=== Data for processing ===

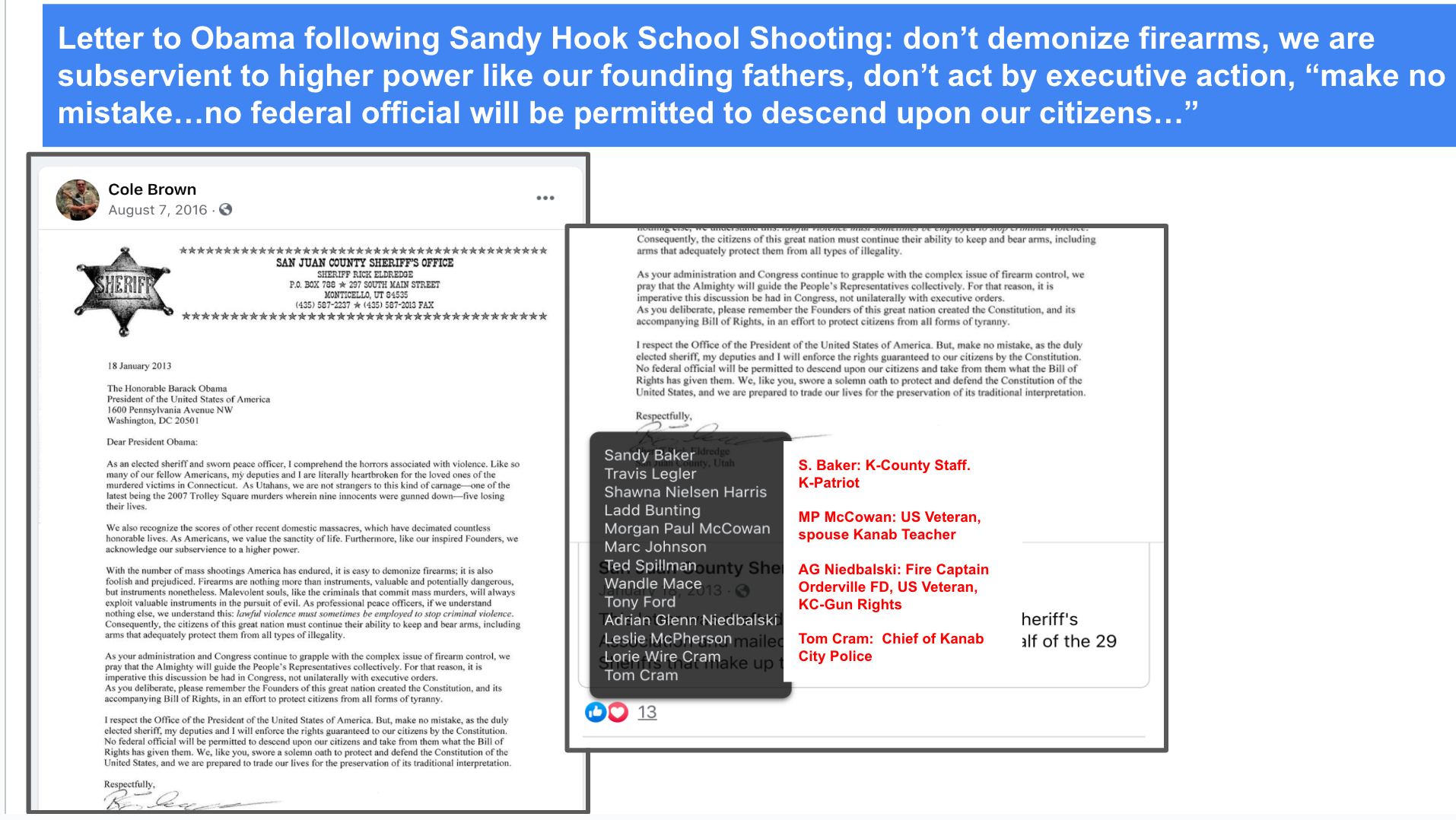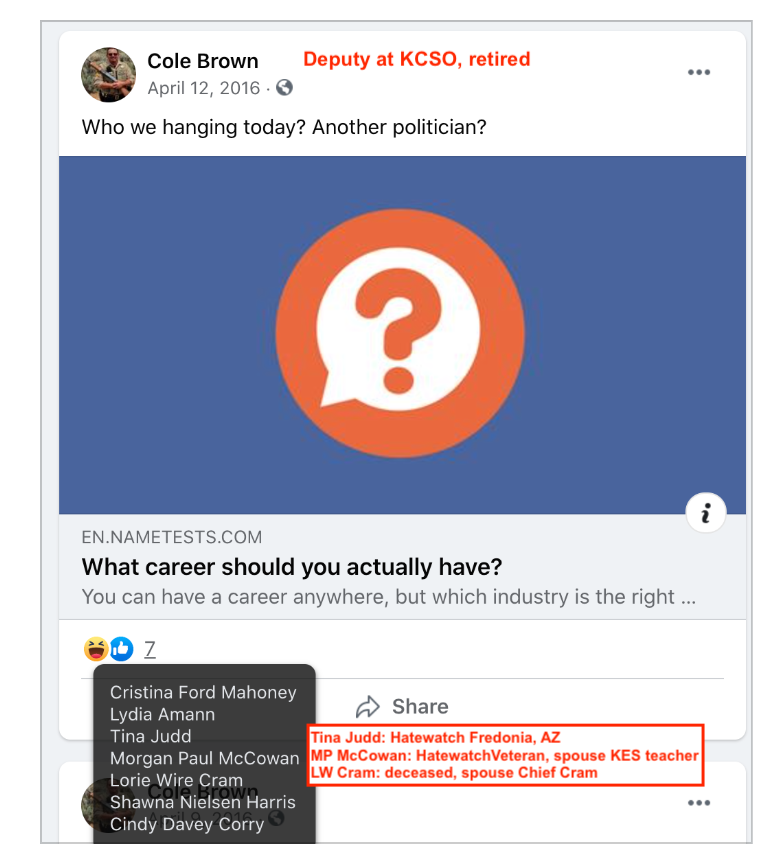 Toggle left & right through these 18 screenshots, most include evidence of extremism and bigotry and a few do not. Aside from one informational comment on extremist page Kanab Patriots, Cole mostly uses his personal FB page and pages of his friends.
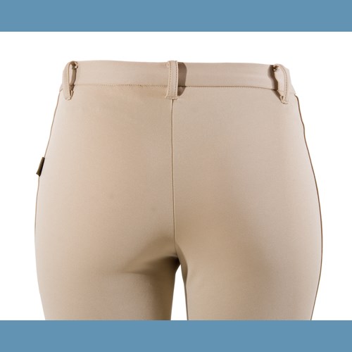 The Versailles show breech comes in a classic traditional fit perfect for the show ring. Contoured design eliminates bagginess behind the knees and provides maximum comfort and stretch. Plush elastic waistband does not roll over. No inside leg seam. Clarino® synthetic micro suede knee patches. Reinforced seams and belt loops. Heavy duty front clasp and brass front zipper. Slash zipper pocket. Elastic ankle panels. Classic rise hits about at the navel. Machine wash, hang to dry.
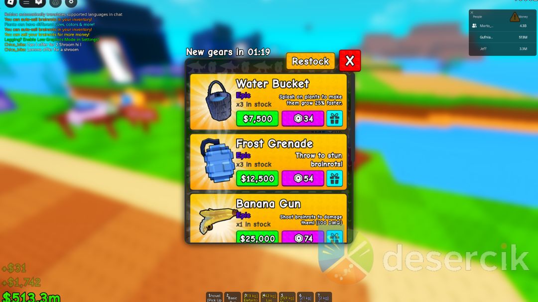 Sklep uzupełnia asortyment co 5 minut, a jeśli chcesz przyspieszyć proces, możesz ręcznie odnowić stany magazynowe, wydając 80 Robuxów. Oprócz tego część sprzętu możesz zdobyć dzięki kodom udostępnianym przed eventami w grze.
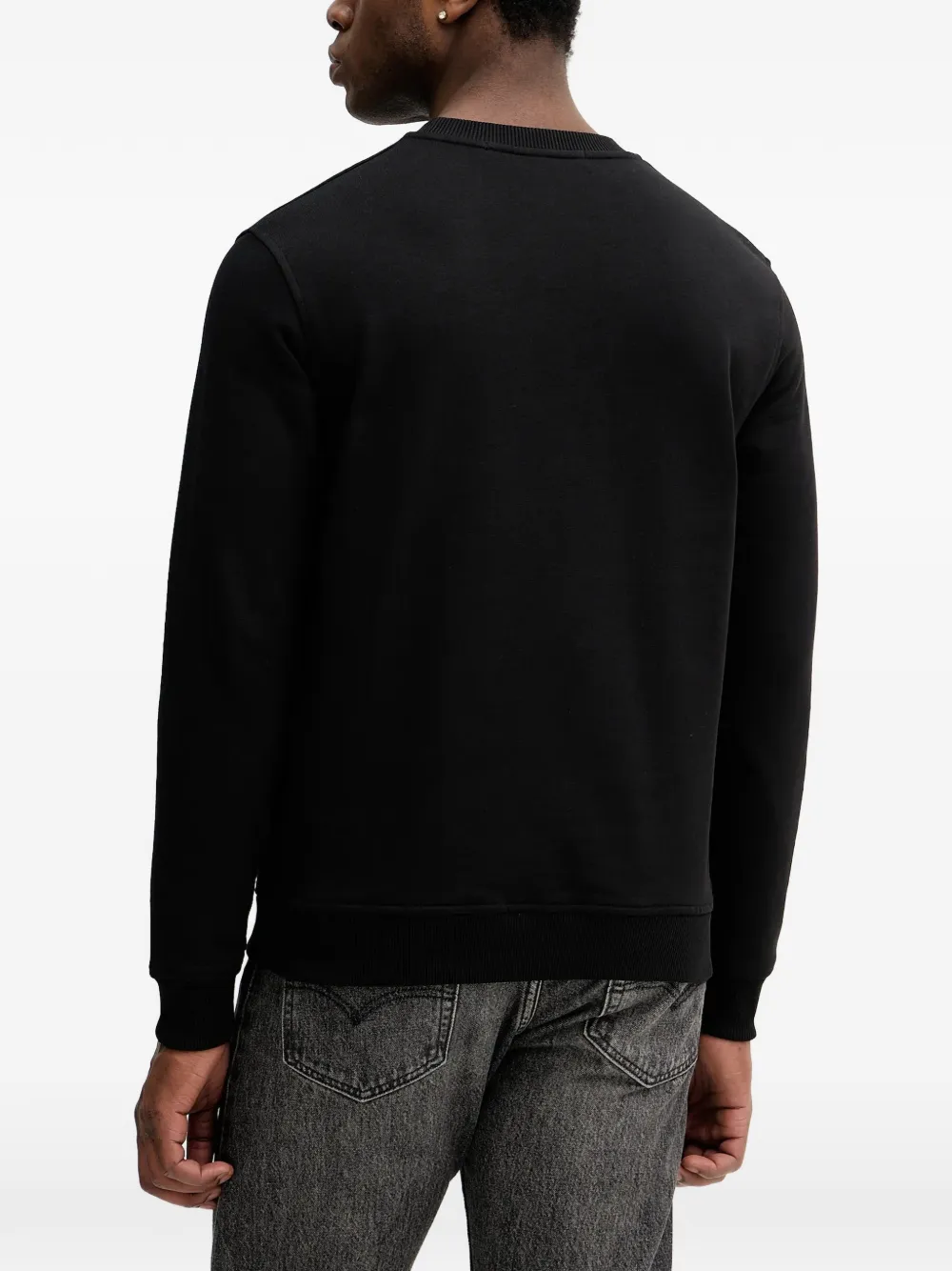 Черный свитшот с графическим принтом, круглым вырезом, длинными рукавами, ребристыми манжетами и подолом
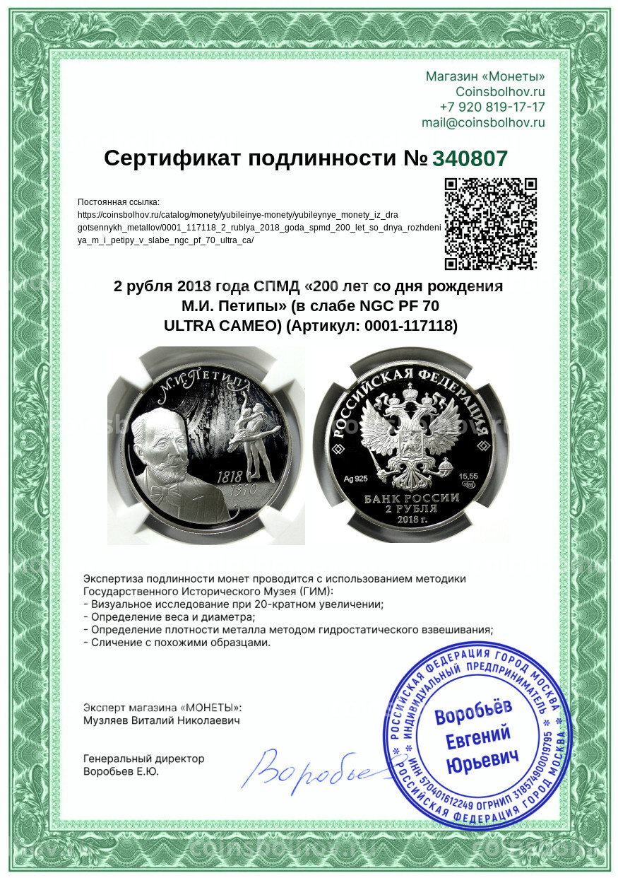 Монета 2 рубля 2018 года СПМД «200 лет со дня рождения М.И. Петипы» (в слабе NGC PF 70 ULTRA CAMEO)
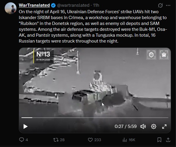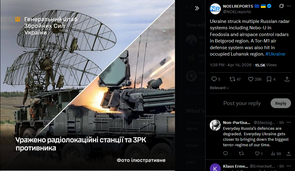 Ukraine struck multiple Russian radar systems including Nebo-U in Feodosia and airspace control radars in Belgorod region. A Tor-M1 air defense system was also hit in occupied Luhansk region. #Ukrainehttps://x.com/NOELreports/status/2044032665079148870?s=20>14th

===

Except for the pictures, print the data above exactly.

 Toggle left & right through these 18 screenshots, most include evidence of extremism and bigotry and a few do not. Aside from one informational comment on extremist page Kanab Patriots, Cole mostly uses his personal FB page and pages of his friends.
 The Versailles show breech comes in a classic traditional fit perfect for the show ring. Contoured design eliminates bagginess behind the knees and provides maximum comfort and stretch. Plush elastic waistband does not roll over. No inside leg seam. Clarino® synthetic micro suede knee patches. Reinforced seams and belt loops. Heavy duty front clasp and brass front zipper. Slash zipper pocket. Elastic ankle panels. Classic rise hits about at the navel. Machine wash, hang to dry.
 Sklep uzupełnia asortyment co 5 minut, a jeśli chcesz przyspieszyć proces, możesz ręcznie odnowić stany magazynowe, wydając 80 Robuxów. Oprócz tego część sprzętu możesz zdobyć dzięki kodom udostępnianym przed eventami w grze.
 Черный свитшот с графическим принтом, круглым вырезом, длинными рукавами, ребристыми манжетами и подолом
 Монета 2 рубля 2018 года СПМД «200 лет со дня рождения М.И. Петипы» (в слабе NGC PF 70 ULTRA CAMEO)
 Ukraine struck multiple Russian radar systems including Nebo-U in Feodosia and airspace control radars in Belgorod region. A Tor-M1 air defense system was also hit in occupied Luhansk region. #Ukrainehttps://x.com/NOELreports/status/2044032665079148870?s=20>14th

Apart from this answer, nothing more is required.